The new report makes an urgent case for reining in the humans and their impacts on the planet. It is premised on the following questions:

  • What do we do with this new age?
  • Do we choose in the face of uncertain futures to embark on bold new paths that expand human freedoms while easing planetary pressures?
  • (or) Do we choose to try and ultimately fail to go back to business as usual and be swept away, ill equipped and rudderless, into a dangerous unknown?

Challenges

  • Inequalities: But in this Age of Anthropocene, everybody is not equal; the report reiterates that inequality will continue in our existence and interaction with nature.
  • Discrimination based on ethnicity: Discrimination based on ethnicity frequently leaves communities severely affected and exposed to high environmental risks such as toxic waste or excessive pollution—a trend reproduced in urban areas across continents.
  • Inefficient exploitation of resources: While developed countries have mastered the art of extracting services from nature efficiently and to a greater extent, developing or poor countries, despite living in natural resource-rich geography, have not been able to attain that level of exploitation.
  • More burden on poor: The developed countries have deeper and more devastating impacts on the planet’s ecology than the poor or developing nations. Yet, to reiterate, poor and developing countries suffer the most and will continue to do so.

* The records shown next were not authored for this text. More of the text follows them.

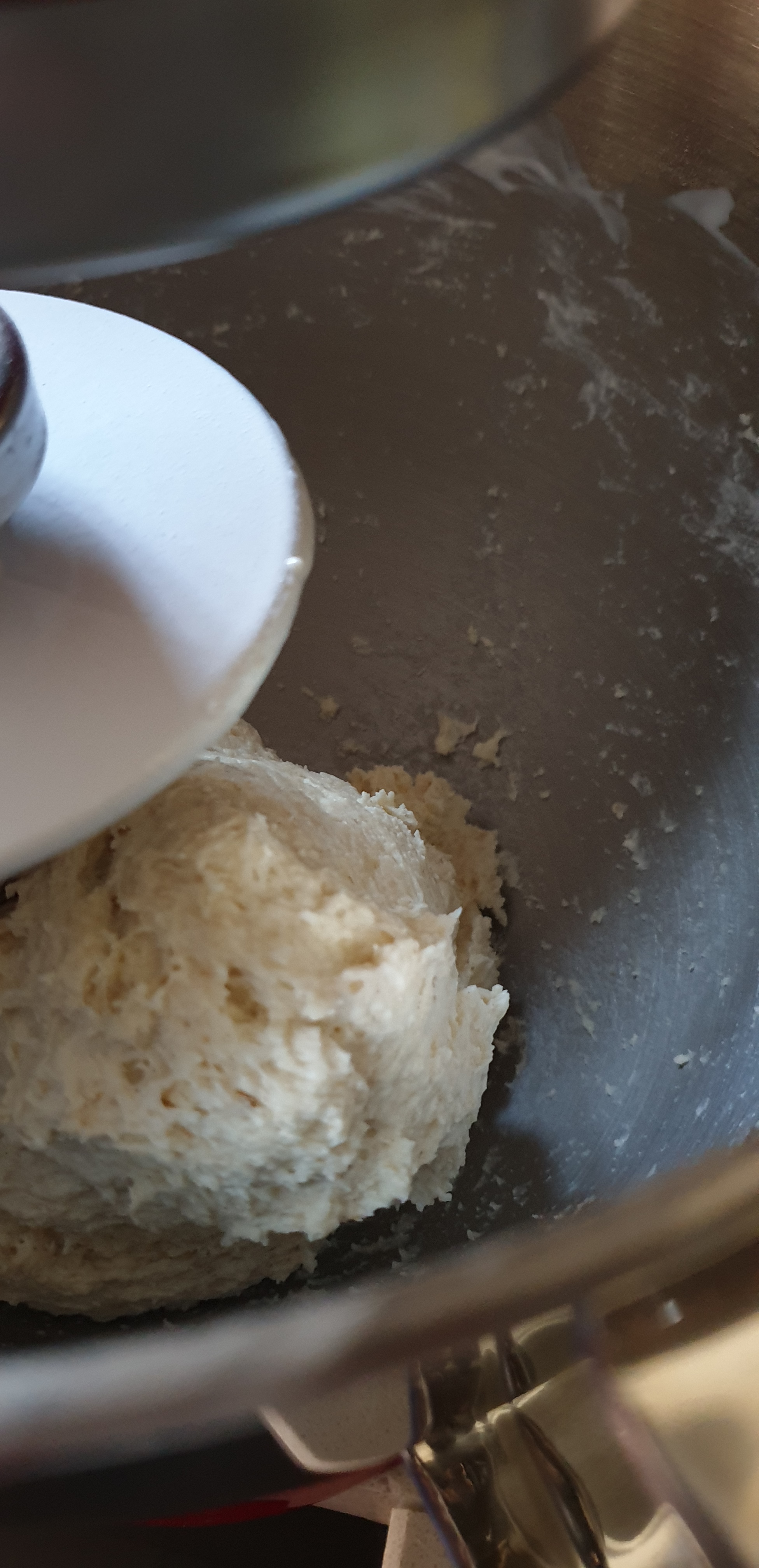 - Nëse ju duket brumi i thatë apo shumë i lagësht i shtoni pak tamël ose miell, sipas nevojës, por brumi duhet të jetë i butë, jo i fortë. Pra, nëse ka nevojë për më shumë miell e shtoni me kujdes në sasi shumë të vogla deri sa brumi është kompakt por i butë dhe nga pak ngjitet në dorë
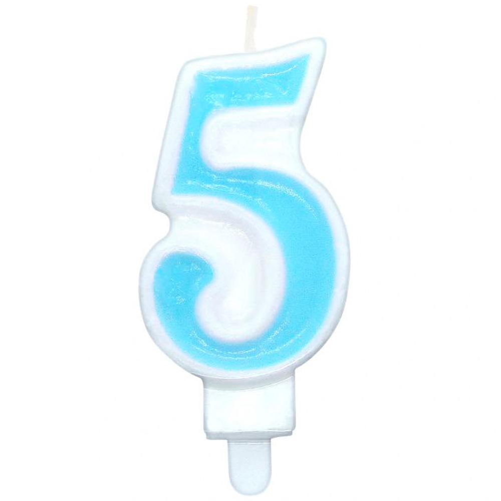 Свеча для торта Цифра "5" Веселая вечеринка голубой L0285-BL
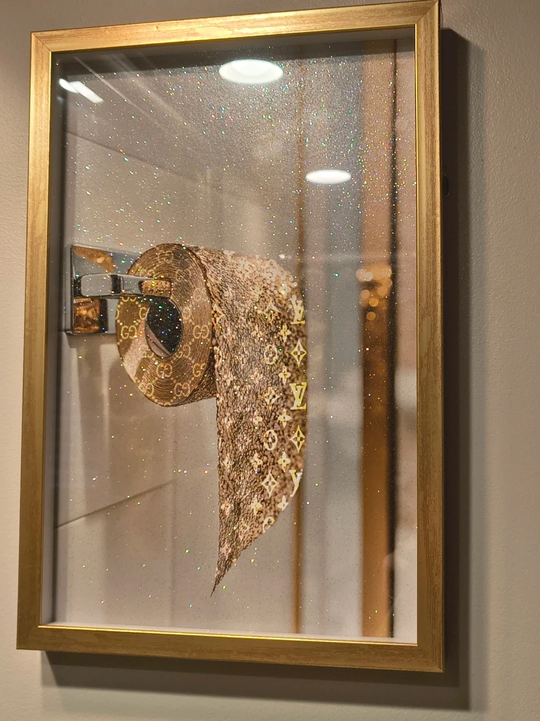 Unique framed art piece featuring a roll of toilet paper with designer logos. It's a statement piece for any room! Perfect for adding a touch of humour and luxury to your decor. With louis Vuitton and sparkles all over gorgeous!!!!
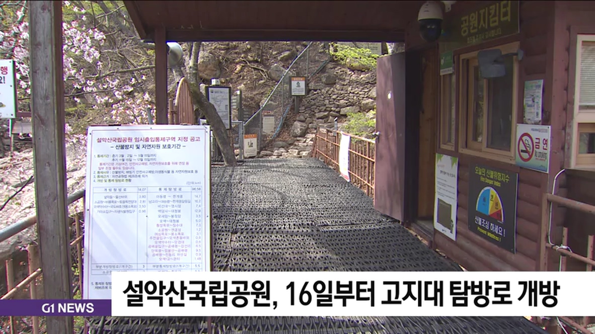 설악산국립공원사무소는 산불예방과 야생 동·식물 보호를 위해 통제해 왔던 대청봉 등 고지대 탐방로를 오는 16일부터 개방한다고 밝혔습니다.[인터뷰]
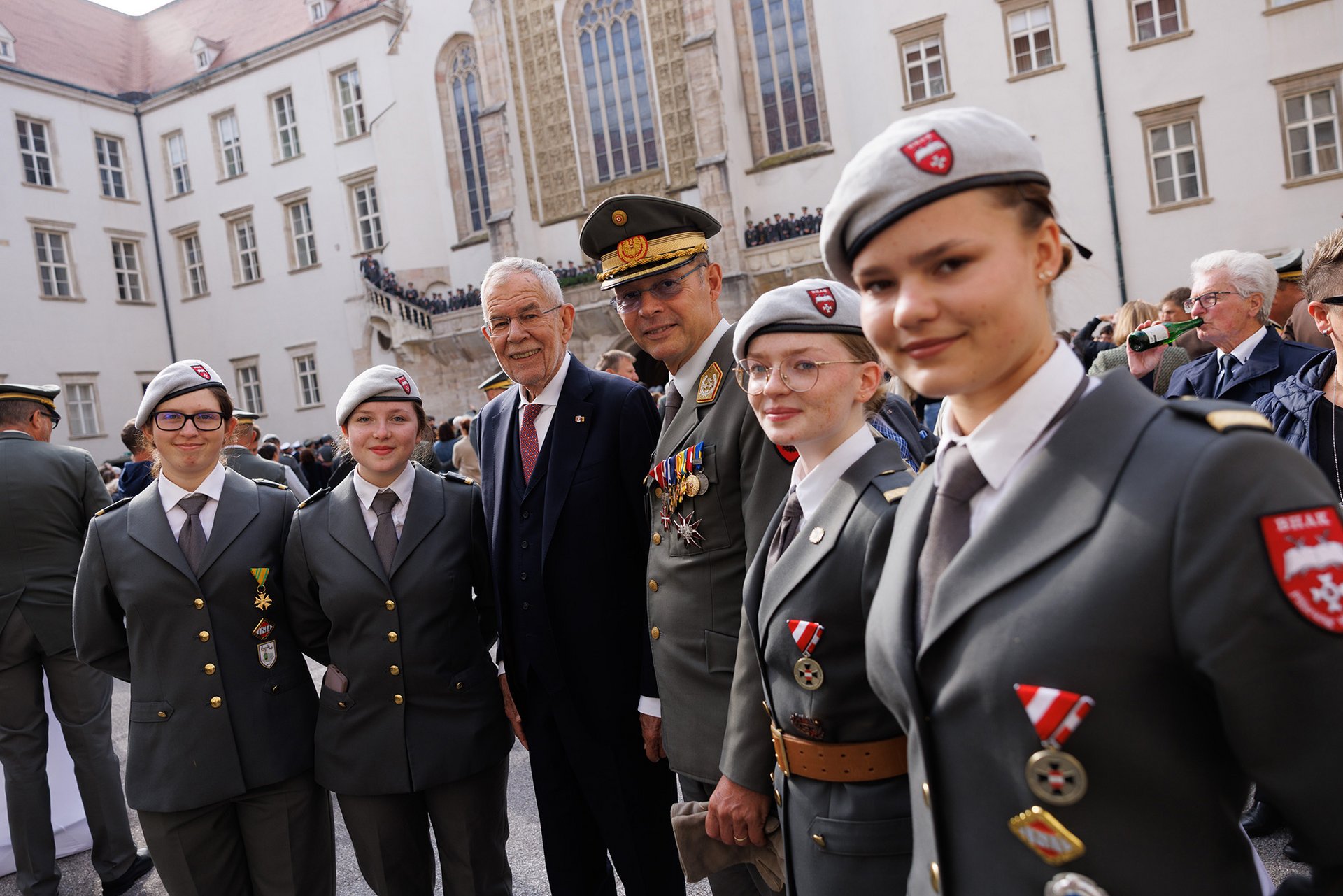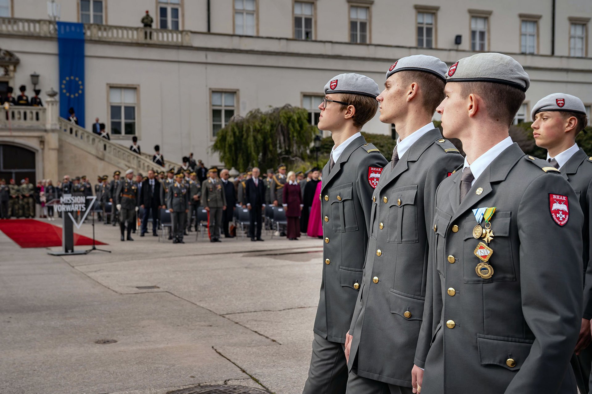 Für die Internatsschüler war bereits um 6 Uhr Tagwache. Anschließend mussten sich alle Kadetten die Krawatte zur festlichen Schulbekleidung binden, was für viele die erste Herausforderung des Tages war. Um 7 Uhr versammelten wir uns zum Antreten im Innenhof der Daunkaserne. Dort wurden uns die letzten Details zum Ablauf des Festaktes mitgeteilt. Anschließend übten wir gemeinsam mit den Fähnrichen und den Leutnanten bis um ca. 11 Uhr, um perfekt vorbereitet zu sein.
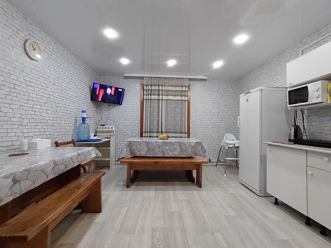 Также есть баня-сауна с душем и с купелью. На территории 5метровый бассейн и сибирский чан. Холодильник и микроволновка на этаже. В номере чайник и посуда. Общая кухня со всем содержимым на 1 этаже.
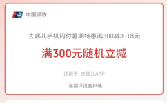 即日起至2024年8月31日,用户通过去哪儿旅行APP,在支付页面点击银联三色标,选择银联手机闪付完成订单支付,有机会享受满300元随机立减3-18元优惠,单用户每个活动日三种支付方式(云闪付APP、银联手机闪付、银行APP)可各享1次优惠,每种支付方式整个活动期间可各享2次优惠。每日名额有限,用完即止。活动剩余名额请详见云闪付APP活动展示券。部分商品:如租车、会员服务、美食购物、途家民宿、酒店到店付房型或担保房型、12306火车票、风控类产品等或不支持银联云闪付APP或银联手机闪付或银行APP支付方式的商品不参与本活动。
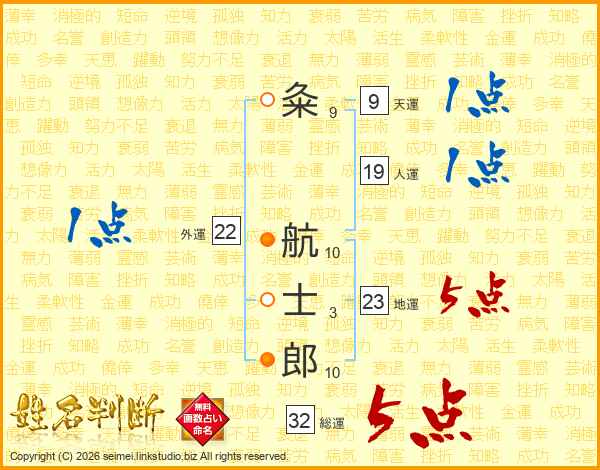 粂航士郎さんの地運は23画の5点!
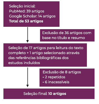 Da pesquisa inicial, realizada conforme explicado previamente, resultaram 53 artigos potencialmente relevantes. Após a aplicação dos critérios de inclusão e exclusão mediante a leitura do título e resumo, foram excluídos 36 artigos. Através da análise das referências bibliográficas dos estudos incluídos, foi obtido mais um artigo para leitura adicional do texto completo, totalizando 18 estudos. Por fim, 8 destes foram excluídos por serem inacessíveis ou repetidos. Assim sendo, a presente revisão sistemática incluiu 10 artigos: 4 revisões narrativas, 3 revisões sistemáticas, 2 séries de casos e 1 coorte retrospetiva. Na figura 1 observa-se o fluxograma da seleção dos estudos. Como se pode observar na tabela 1, que sumaria as caraterísticas dos artigos incluídos nesta revisão sistemática, a maioria dos estudos são muito recentes e incidem sobre a população de mulheres transgénero.
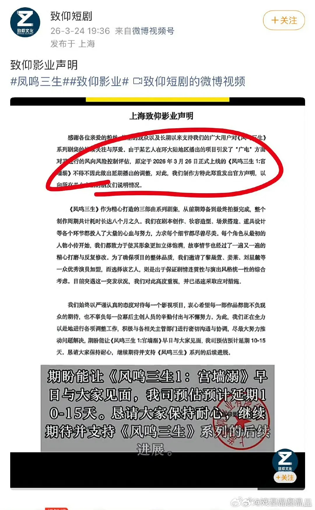 某环大陆演员被fs,导致他拍的短剧《凤鸣三生:宫墙溺》不能正常播,剧方怒气非常大
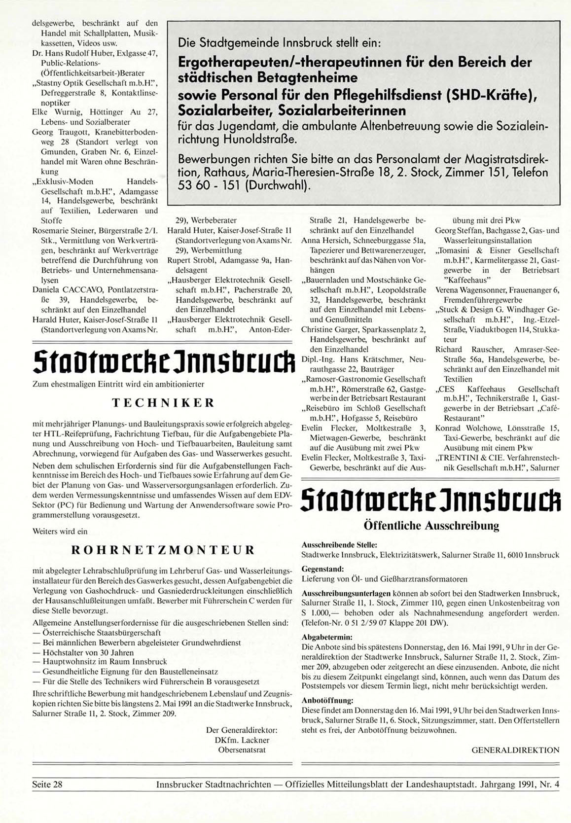 Innsbrucker Stadtnachrichten — Offizielles Mitteilungsblatt der Landeshauptstadt. Jahrgang 1991, Nr. 4
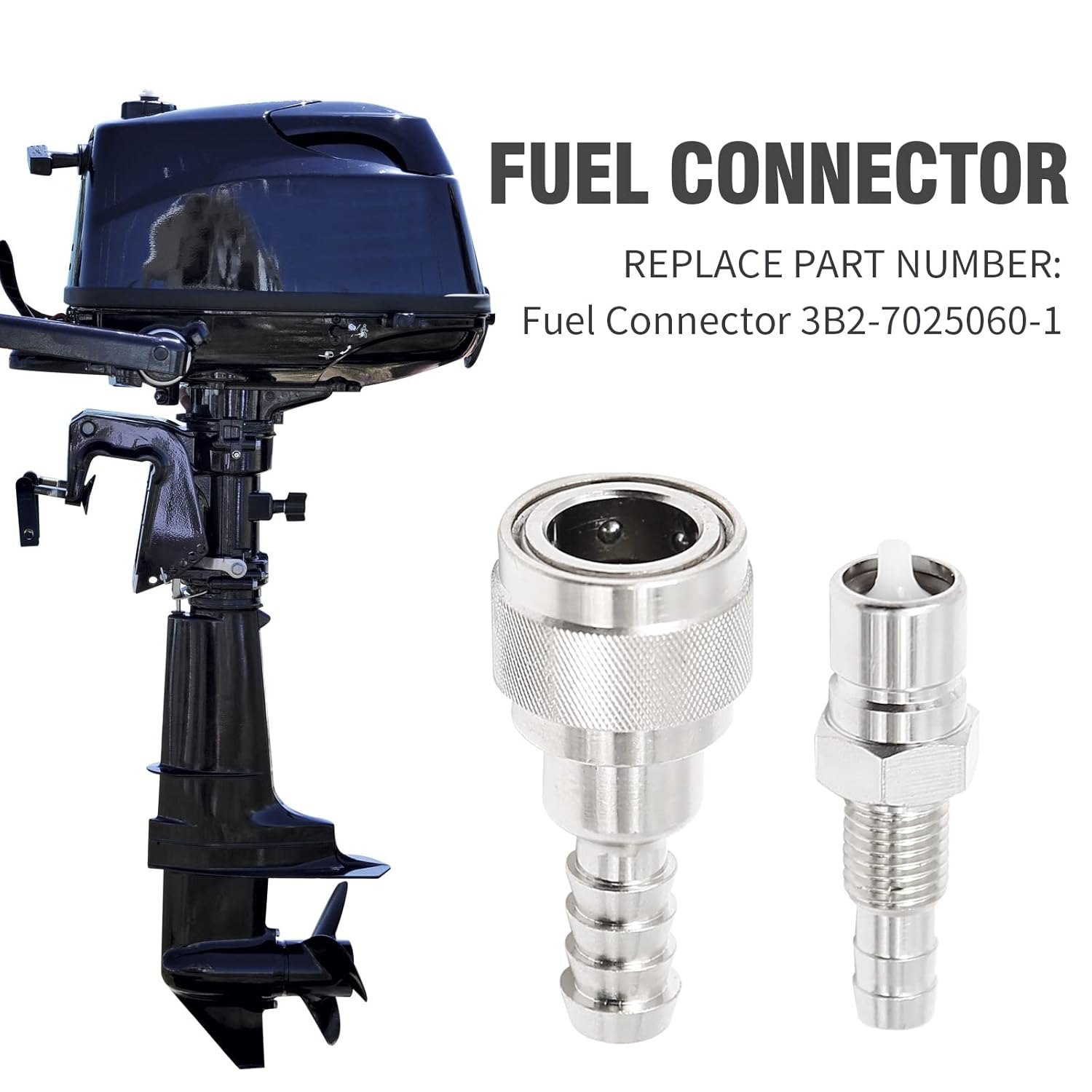 - Ajuste: Este conector de combustível de 5/16″ é compatível com motores de popa Tohatsu e Nissan de 2 e 4 tempos, incluindo modelos de 5, 6, 8, 9.8, 9.9, 15, 18, 20, 30, 40, 50, 60, 70 e 90 HP.

Key-suggestions of the Report

The report leaves no doubt that humans have to be the point of solution for the planet’s uncontrolled slip into an abyss of ecological disaster. The report argues for:

  • Control on consumption: Human consumption has been put at the centre of the solution to the greatest development challenge of climate change and also to control occurrences of pandemics like the ongoing novel coronavirus disease (COVID-19). The report advocates nature-based solutions to these challenges.
  • Collaboration between humans and nature: With impeccable data, it also sounds confident that humans and nature could again collaborate to tone down the impact of any catastrophe.
  • Forest conservation: Reforestation and taking better care of forests could alone account for roughly a quarter of the pre-2030 actions humans must take to stop global warming from reaching 2 degrees Celsius above pre-industrial levels.
  • Dismantling imbalance of power and opportunity: Easing planetary pressures in a way that enables all people to flourish in this new age requires dismantling the gross imbalances of power and opportunity that stand in the way of transformation.

Conclusion

The next frontier for human development will require working with nature, and not against it, while transforming social norms, values, and government and financial incentives. This aspect of our relationship with nature is going to define our survival and well-being in the Anthropocene. For the poor Homo sapiens, it is going to be a lonely affair.

Making peace with nature is the defining task of the 21st century.  Reconciling people and the planet must begin with a new concept of development, tailored to the Anthropocene.